CHICAGO — To get ahead in the future, convenience store operators must learn to think differently.
Case in point: In just one year's time, the thought process in the fuels industry has changed, noted John Eichberger, executive director of the Fuels Institute, which is housed under NACS, the Association for Convenience & Fuel Retailing. Eichberger served one of the speakers on the final day of the 2016 NACS State of the Industry (SOI) Summit, which took place earlier this week.
“Last year, I said at this same event that electric vehicles (EVs) are not a threat. But electric’s sex appeal is growing,” he told attendees of the three-day event held at Chicago’s Hyatt Regency O’Hare hotel.
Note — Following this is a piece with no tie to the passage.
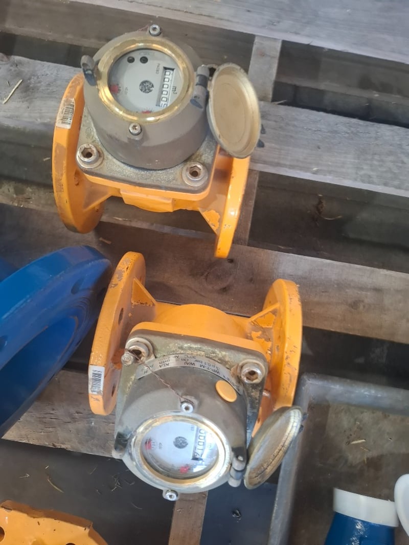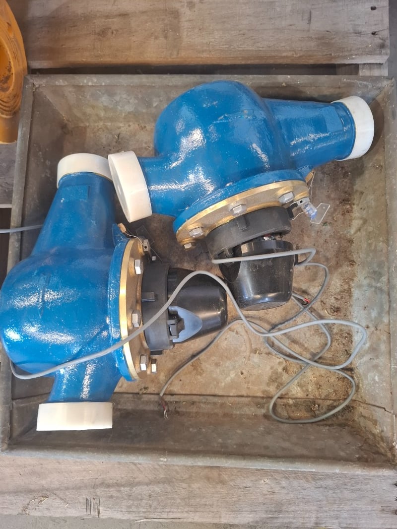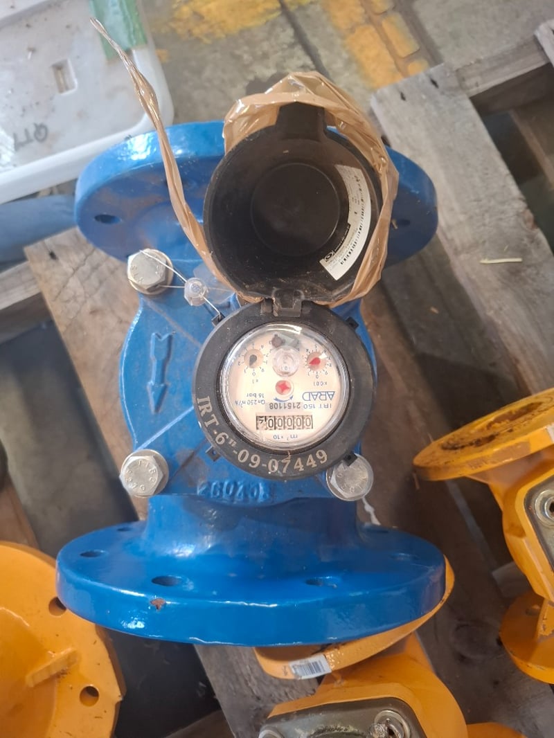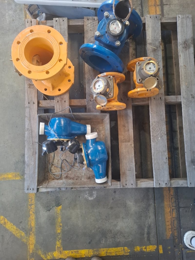 Assorted Pallet with 2 x Griswold centrifugal pumps, 2 x Elster 50mm V300 volumetric meter. 1 x flanged ball check valve and a ARAD IRT-6"-09-07449 Woltman-type water meter. Inspection Recommended Sold As Lot

According to Eichberger, the sex appeal of EVs is growing all due to one man: Elon Musk, founder of Tesla Motors, whom some have called the real-life Tony Stark (aka Iron Man in comic books). The announcement that Tesla will introduce its Model 3, capable of traveling more than 300 miles on a single charge, with the ability to recharge at an 80-percent level in just 30 minutes, was met with 180,000 orders on the first day of pre-sales, even though it is not set to be manufactured until 2017.
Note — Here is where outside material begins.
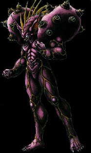Present estimates of New Zoanoid type abilities have been compiled and summarized below. -Bio Missles: Gaster has 18 Bio-Missiles that can be fired either one at a time, several at a time, or all at once. Each missile is telepathically linked to Gaster, giving the zoanoid complete control over them in mid flight. One missile has enough explosive force to blow apart a Guyvers vibrational sword and together all 18 could destroy a Guyver. Though a powerful and accurate weapon, the limited number of missiles combined with relatively short flight range of only 100 meters (~328 Feet), makes this primarily a tactical weapon. -Liquid Explosive Dischargers: A close to mid range combat weapon. The liquid dischargers, one located on each forearm, fire two different liquids that when combined form a powerful explosive as volatile as nitroglycerine but with significantly greater explosive power. The power of this weapon has been noted to be powerful enough to crack even a Zektoles armor but the weapon is difficult to use as the launchers have a limited range and damage to the shoulder liquid storage sacks could allow the Gasters entire supply of the two liquids to mix and self detonate, killing this type instantly. -This type was not made to be as fast as the Thancrus type, so only has a top ground speed of 60 MPH, but reflex speed is nearly equal the standard Guyvers 40x max., allowing this type to use its explosive liquid launchers with great speed and accuracy. -Physical Strength is approximate to 30 men. -Recent advances in Chronos

This announcement is certainly a potential disruptive force for the c-store industry, but Eichberger did question how big the market for electric vehicles will truly become. “It is a game-changer for the electric vehicle market. [Musk] is more than tripling the market,” he said. “But I question if it’s a game-changer for the industry. Considering 17 million vehicles were sold last year, electric vehicles will still be a small portion of the overall U.S. market.”
Hydrogen fuel cell vehicles could also become a future game-changer in the U.S. fuels landscape, considering their standing as an environmentally friendly alternative to traditional petroleum, as well as their rapid three-to-five minute refueling times, Eichberger added. However, only about 15 gas stations currently offer hydrogen fuel, with most of these locations in California, and infrastructure costs are high for c-stores hoping to offer the renewable fuel.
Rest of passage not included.